Start of Provided material

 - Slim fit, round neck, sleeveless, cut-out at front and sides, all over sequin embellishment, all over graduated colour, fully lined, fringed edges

End of Provided material
Start of Provided material

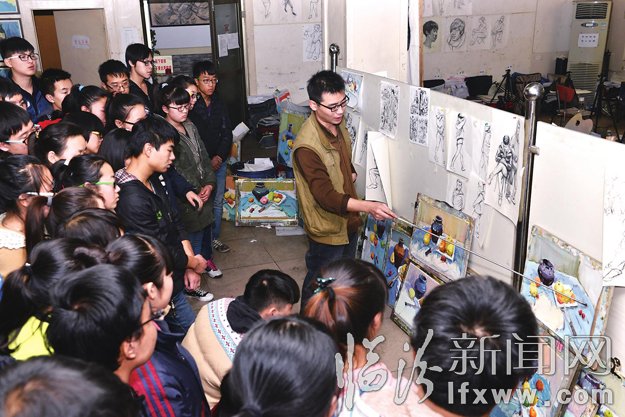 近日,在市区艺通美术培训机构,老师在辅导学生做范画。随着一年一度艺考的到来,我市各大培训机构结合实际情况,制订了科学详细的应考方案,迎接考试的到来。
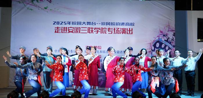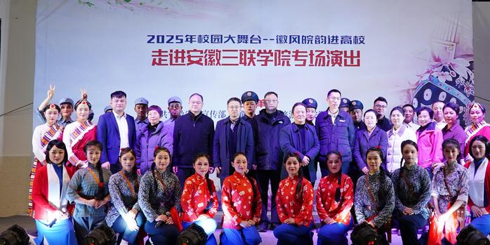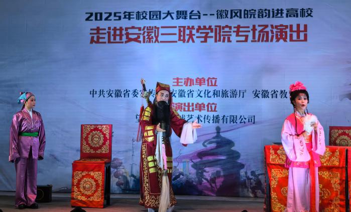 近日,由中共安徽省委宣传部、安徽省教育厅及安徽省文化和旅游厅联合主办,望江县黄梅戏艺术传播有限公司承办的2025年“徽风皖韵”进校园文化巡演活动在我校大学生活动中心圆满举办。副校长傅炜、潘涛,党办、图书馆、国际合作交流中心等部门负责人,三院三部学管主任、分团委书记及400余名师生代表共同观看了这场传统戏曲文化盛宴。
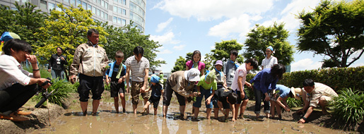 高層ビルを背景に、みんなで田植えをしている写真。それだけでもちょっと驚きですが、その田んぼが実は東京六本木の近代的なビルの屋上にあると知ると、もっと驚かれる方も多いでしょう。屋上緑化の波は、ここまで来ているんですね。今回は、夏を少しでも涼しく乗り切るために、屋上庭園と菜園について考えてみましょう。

End of Provided material
Start of Provided material

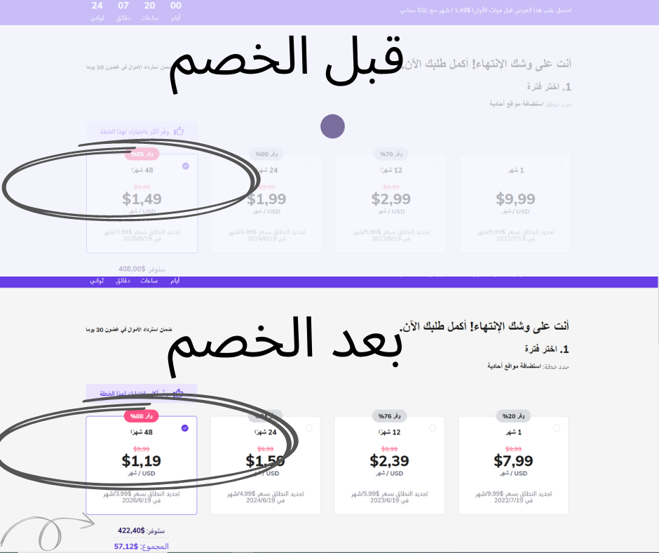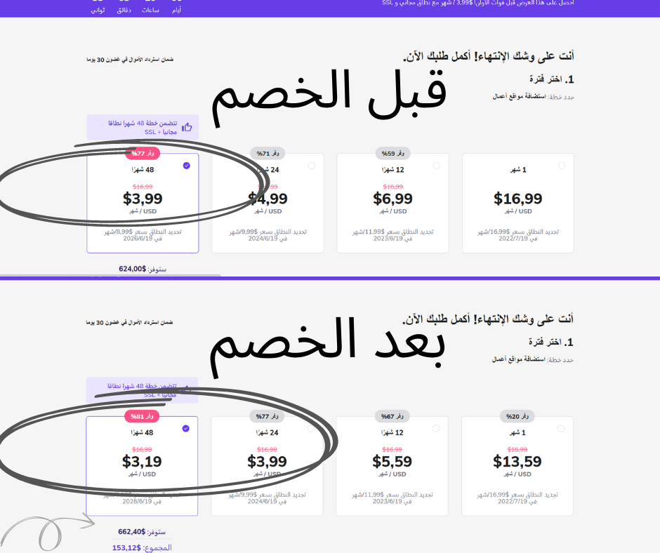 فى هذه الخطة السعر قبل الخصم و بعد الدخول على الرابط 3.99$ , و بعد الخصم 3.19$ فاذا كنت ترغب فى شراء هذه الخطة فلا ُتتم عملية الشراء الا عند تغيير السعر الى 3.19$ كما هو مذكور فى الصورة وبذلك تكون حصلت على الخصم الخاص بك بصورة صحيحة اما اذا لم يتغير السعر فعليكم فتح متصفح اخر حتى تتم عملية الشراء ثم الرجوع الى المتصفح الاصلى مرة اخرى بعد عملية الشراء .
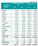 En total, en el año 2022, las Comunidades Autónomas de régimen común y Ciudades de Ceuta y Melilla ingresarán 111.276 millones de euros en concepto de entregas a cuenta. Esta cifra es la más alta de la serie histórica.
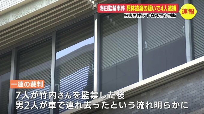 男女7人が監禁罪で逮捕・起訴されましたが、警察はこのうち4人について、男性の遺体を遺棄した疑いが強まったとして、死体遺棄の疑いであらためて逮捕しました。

End of Provided material

> What you need to do
Set the pictures aside and transcribe exactly the stretch of lines above, beginning with the one holding "近日,在市区艺通美术培训机构" and ending with the one holding "高層ビルを背景に、みんなで田".

> Written solution
 近日,在市区艺通美术培训机构,老师在辅导学生做范画。随着一年一度艺考的到来,我市各大培训机构结合实际情况,制订了科学详细的应考方案,迎接考试的到来。
 近日,由中共安徽省委宣传部、安徽省教育厅及安徽省文化和旅游厅联合主办,望江县黄梅戏艺术传播有限公司承办的2025年“徽风皖韵”进校园文化巡演活动在我校大学生活动中心圆满举办。副校长傅炜、潘涛,党办、图书馆、国际合作交流中心等部门负责人,三院三部学管主任、分团委书记及400余名师生代表共同观看了这场传统戏曲文化盛宴。
 高層ビルを背景に、みんなで田植えをしている写真。それだけでもちょっと驚きですが、その田んぼが実は東京六本木の近代的なビルの屋上にあると知ると、もっと驚かれる方も多いでしょう。屋上緑化の波は、ここまで来ているんですね。今回は、夏を少しでも涼しく乗り切るために、屋上庭園と菜園について考えてみましょう。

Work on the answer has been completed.